R returns a difftime object. Subtraction works, and so does addition with scalars:

as.Date("2026-01-01") + 30
#> [1] "2026-01-31"

The base R parsing function is as.Date(), which expects ISO 8601 format ("YYYY-MM-DD") by default:

as.Date("2026-03-07")
#> [1] "2026-03-07"
as.Date("07/03/2026", format = "%d/%m/%Y")
#> [1] "2026-03-07"

The format argument uses %Y (4-digit year), %m (month), %d (day), and similar codes. These are hard to remember and easy to get wrong, especially when your data mixes formats. Is "03/07/2026" March 7th or July 3rd? The format string decides, and if you pick wrong, R will not complain.

Exercises

  1. What day number (since 1970-01-01) is today? Use unclass(Sys.Date()).
  2. What date is 1000 days from today? Use Sys.Date() + 1000.
  3. How many days are between "2024-02-28" and "2024-03-01"? (2024 is a leap year.)

12.7 lubridate: dates for humans

Those %Y/%m/%d format codes? lubridate lets you forget them. Its parsing functions are named after the order of components, so the function name is the format:

ymd("2026-03-07")
#> [1] "2026-03-07"
dmy("07/03/2026")
#> [1] "2026-03-07"
mdy("03-07-2026")
#> [1] "2026-03-07"

All three produce the same date. No format strings to memorize, no ambiguity about which code means what.

For date-times:

ymd_hms("2026-03-07 14:30:00")
#> [1] "2026-03-07 14:30:00 UTC"

Extracting components:

d <- ymd("2026-03-07")
year(d)
#> [1] 2026
month(d)
#> [1] 3
day(d)
#> [1] 7
wday(d, label = TRUE)
#> [1] Sat
#> Levels: Sun < Mon < Tue < Wed < Thu < Fri < Sat

Date arithmetic with human-readable units:

d + days(30)
#> [1] "2026-04-06"
d + months(1)
#> [1] "2026-04-07"
d + years(1)
#> [1] "2027-03-07"

lubridate handles month-length differences correctly: adding one month to January 31 gives February 28 (or 29 in a leap year), not an error. That question from the previous section now has a clear answer.

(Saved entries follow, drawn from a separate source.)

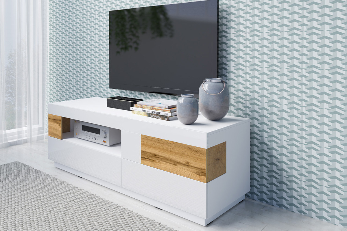 SILKE zobacz całą kolekcję Szafka RTV - kolor biały połysk/dąb
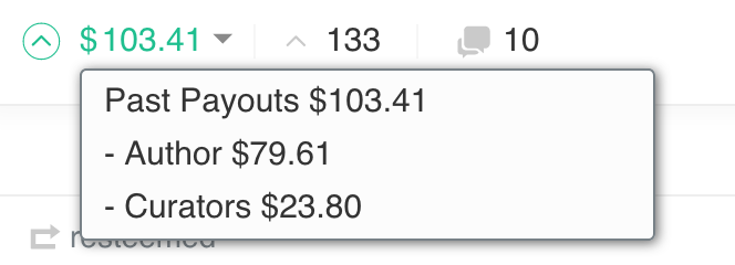Post Payouts $103.41 に対して Curators $23.80 となり、キュレーション報酬の割合は約23%となっています。
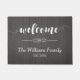 Willkommene Matte mit einem hölzernen Hintergrund des Imitats, ein hübscher weißer Kalligraphie-Schriftart und Ihr Familienname und Jahr hergestellt.

lubridate distinguishes three kinds of time spans:

  • Duration: exact number of seconds. ddays(1) is always 86400 seconds.
  • Period: human units. days(1) is “one day,” which could be 23 or 25 hours around daylight saving transitions.
  • Interval: an anchored span with a start and end.

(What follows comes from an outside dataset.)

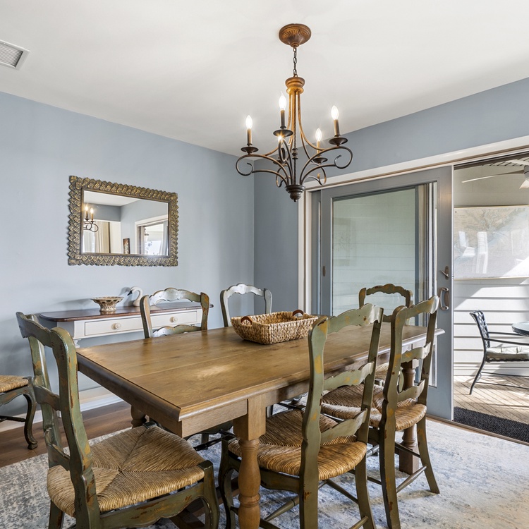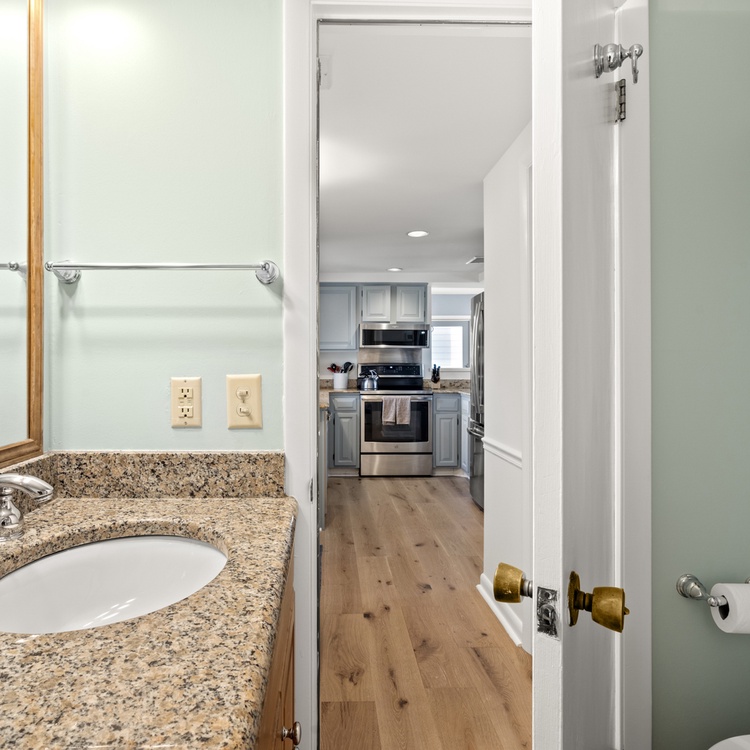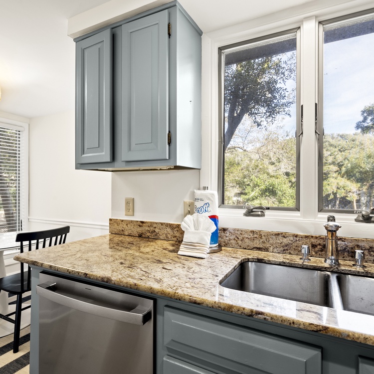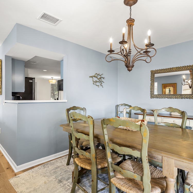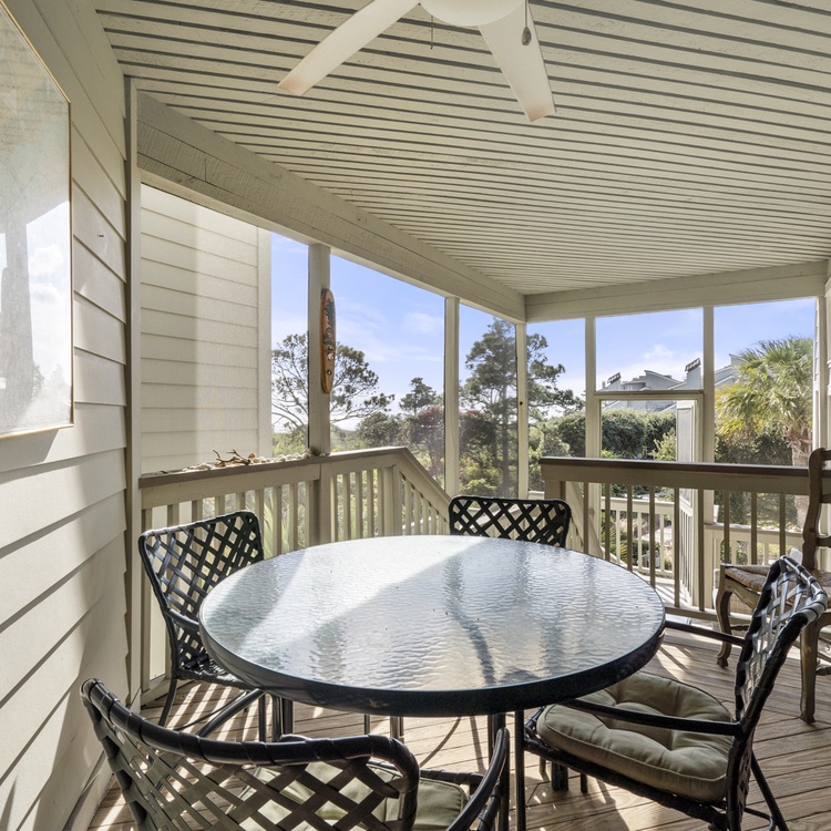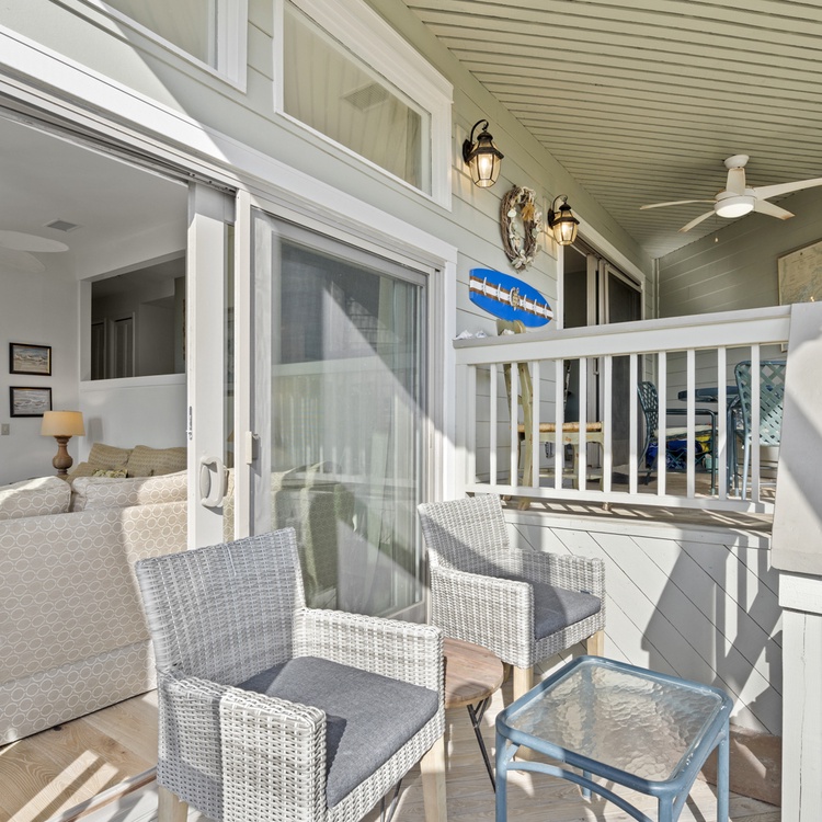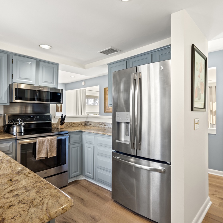 Featuring a townhouse-style layout, this Duneside villa stands two stories tall, with the living areas on the first floor and the bedrooms on the second. The light-filled living room is a cozy retreat with incredible ocean views, a TV, and two sofas. Just a few steps up from the sunken living room, the nearby kitchen has a pass-through window allowing easy conversation flow. The updated kitchen has granite countertops, stainless steel appliances, and white cabinets. Enjoy your vacation meals and snacks in the dining area, or step outside to the screened porch for al fresco dining.

For most work, periods (days(), months(), years()) are what you want. Durations (ddays(), dmonths()) matter when you need physical time, the kind a stopwatch measures rather than a calendar.

# How old is R? (first public release: 1993-08-01)
interval(ymd("1993-08-01"), Sys.Date()) %/% years(1)
#> [1] 32
TipOpinion

Parse with lubridate, extract with lubridate, do arithmetic with lubridate. Reach for base R date functions only when you need zero dependencies.

Exercises

  1. Parse the following dates: "15-Jan-2024", "2024/06/30", "December 25, 2023". Which lubridate function does each need?
  2. What day of the week were you born? Use ymd() and wday(label = TRUE).
  3. Compute the number of days between "2020-03-01" and "2026-03-01". Then compute the number of months using interval() and %/%.

12.8 Summary

Each of these data types has a matching tidyverse package:

Data type Base R Tidyverse package Prefix
Text paste(), grep(), sub() stringr str_
Categories factor(), levels() forcats fct_
Dates as.Date(), Sys.Date() lubridate ymd(), year(), …

The tidyverse packages give these operations a consistent interface and naming scheme. In some cases (like str_detect vs grepl) the difference is mostly cosmetic; in others (like lubridate’s timezone handling) the package catches real bugs that base R silently lets through.

Chapter 11 covered the structure; this chapter covered the three column types that cause the most trouble. But data frames need data, so Chapter 13 deals with getting files off disk and into R. After that, Chapter 14 shows how these pieces combine: str_detect() inside filter(), fct_reorder() inside ggplot(), date arithmetic inside mutate(). That is where the column-level work starts saving you real time.